Tianqiuping of Yongzheng mark and period painted with such delicate and superb flower designs are extremely rare with only four other known examples apparently attested: one, formerly in the stock of C. T. Loo, illustrated in Cécile and Michel Beurdeley, La Céramique Chinoise, Fribourg, 1974, col. pls 91 and 92 (Fig. 2); the second from the collection of R. H. R. Palmer in Soame Jenyns, Later Chinese Porcelain, London, 1951, pl. XC:2 (Fig. 3); the third included in Ching Wan Society Thirtieth Anniversary Catalogue. Works of Art, Taipei, 2025, cat. no. 65; and the fourth sold in our London rooms, 16th June 1999, lot 807, again in our Hong Kong rooms, 10th April 2006, lot 1724, and again at Christie’s Hong Kong, 28th May 2014, lot 2914 9 (Fig. 4).

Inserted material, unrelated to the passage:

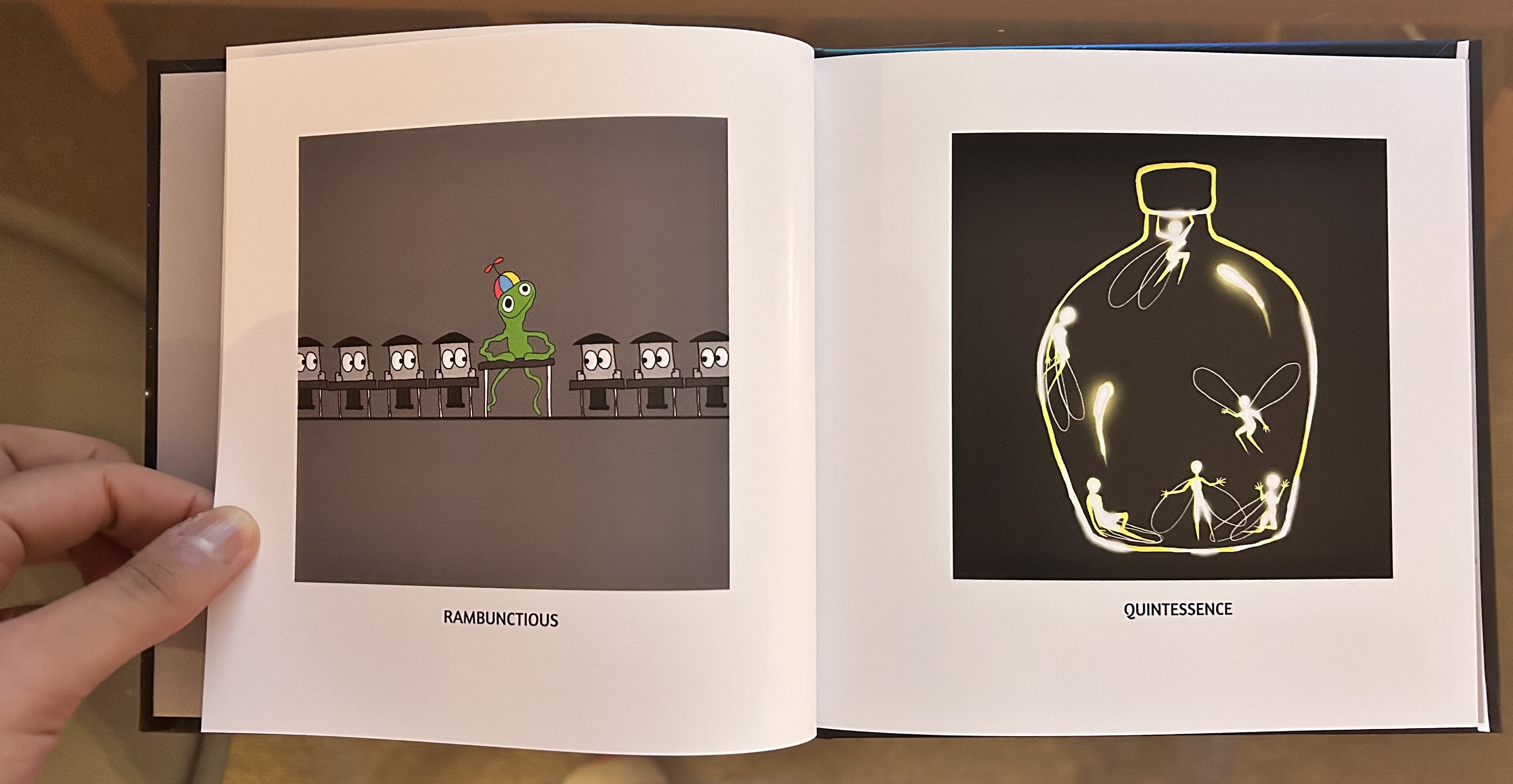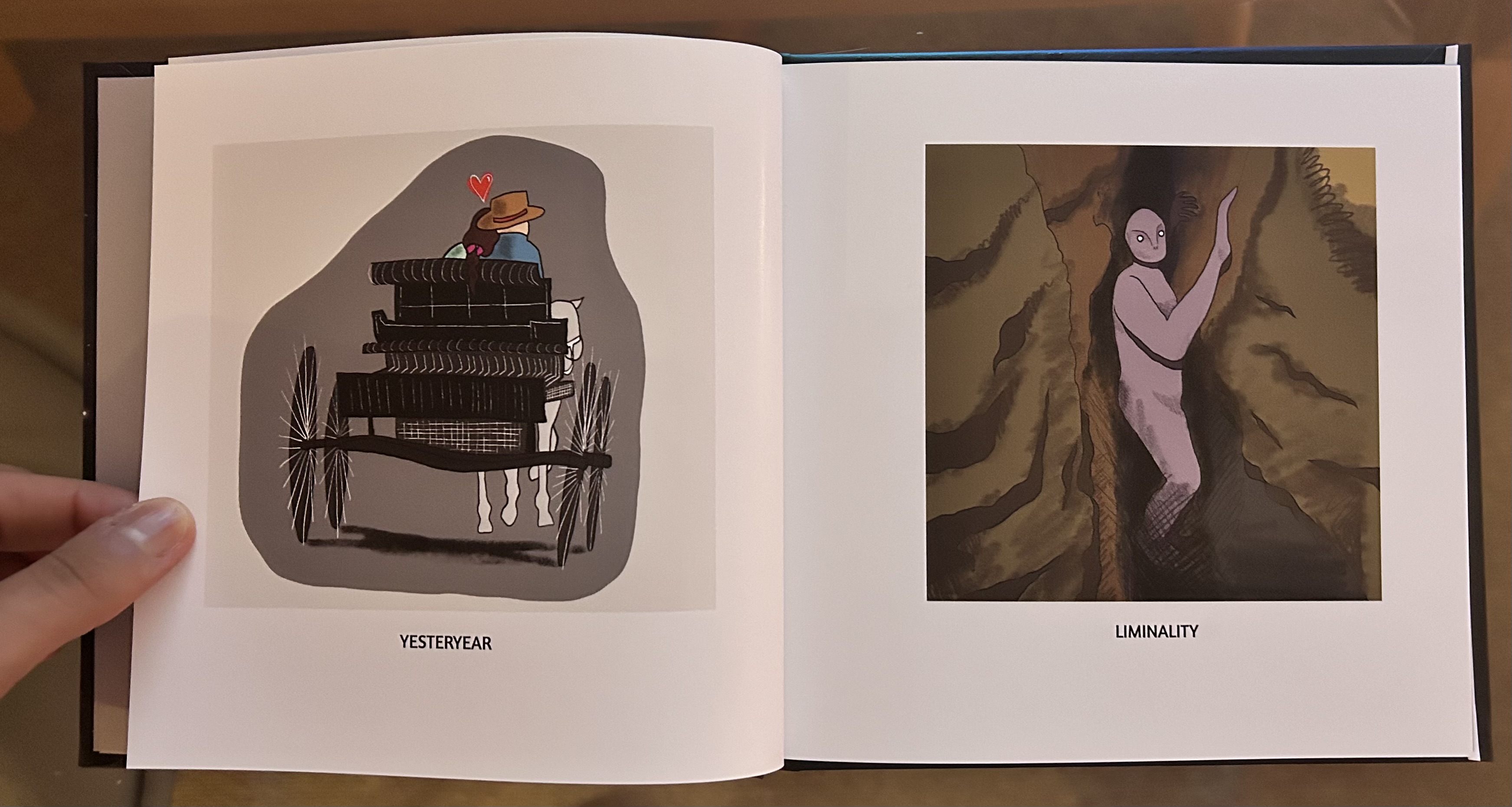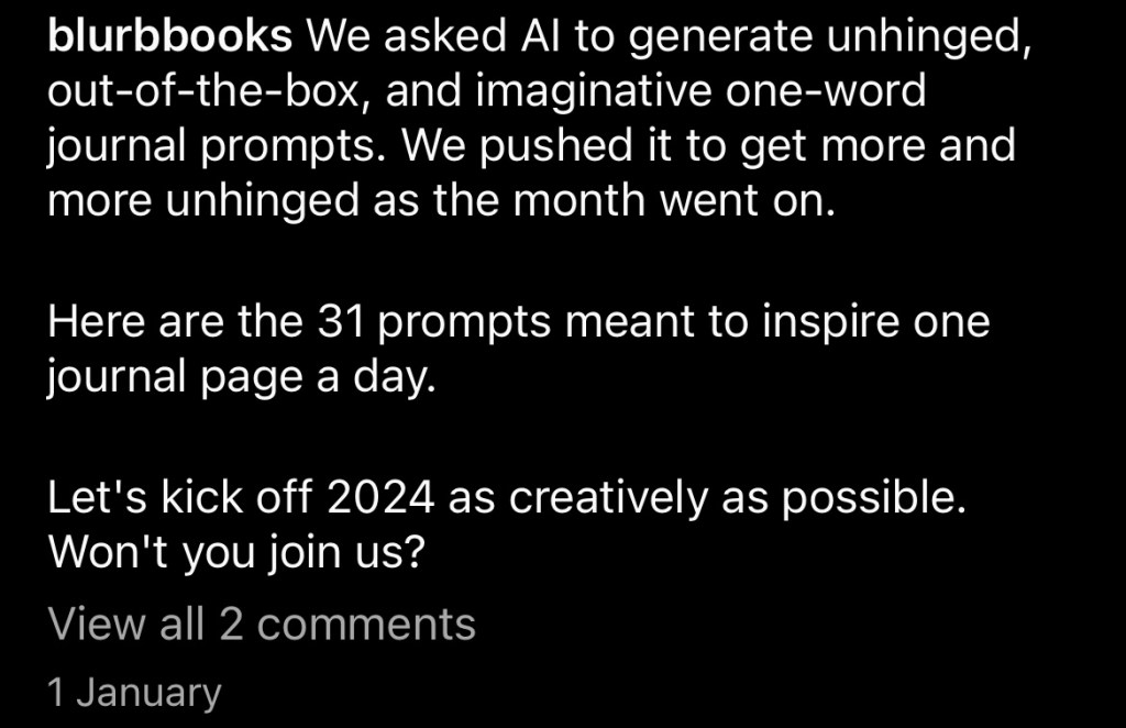 I was on Instagram looking for prompt art challenges and stumbled across Blurb’s ‘One page a day’ AI generated “unhinged, out of the box and imaginative one word prompts” for January 2024. The company Blurb also prints self-published books so it was helpful to find a company that does both things that I need for this project brief!

Compare also a related vase with a Yongzheng seal mark, from the collection of Dr. Tamisuke Yokogawa, now in Tokyo National Museum, illustrated in The World's Great Collections. Oriental Ceramics, vol. 1, Tokyo, 1982, col. pl. 80, painted with similar peonies on the body, but with an additional peony branch on the neck in place of the present magnolia; and a smaller (34.3 cm) pair of Yongzheng tianqiuping painted with chrysanthemum branches in a similar style, from the collection of J. Pierpont Morgan illustrated in Stephen W. Bushell and William M. Laffan, Catalogue of The Morgan Collection of Chinese Porcelain, New York, 1907, pl. LV, case F, nos 27 and 28, one of which was later sold in these rooms from the collection of Frederick J. and Antoinette H. Van Slyke, 31st May 1989, lot 221.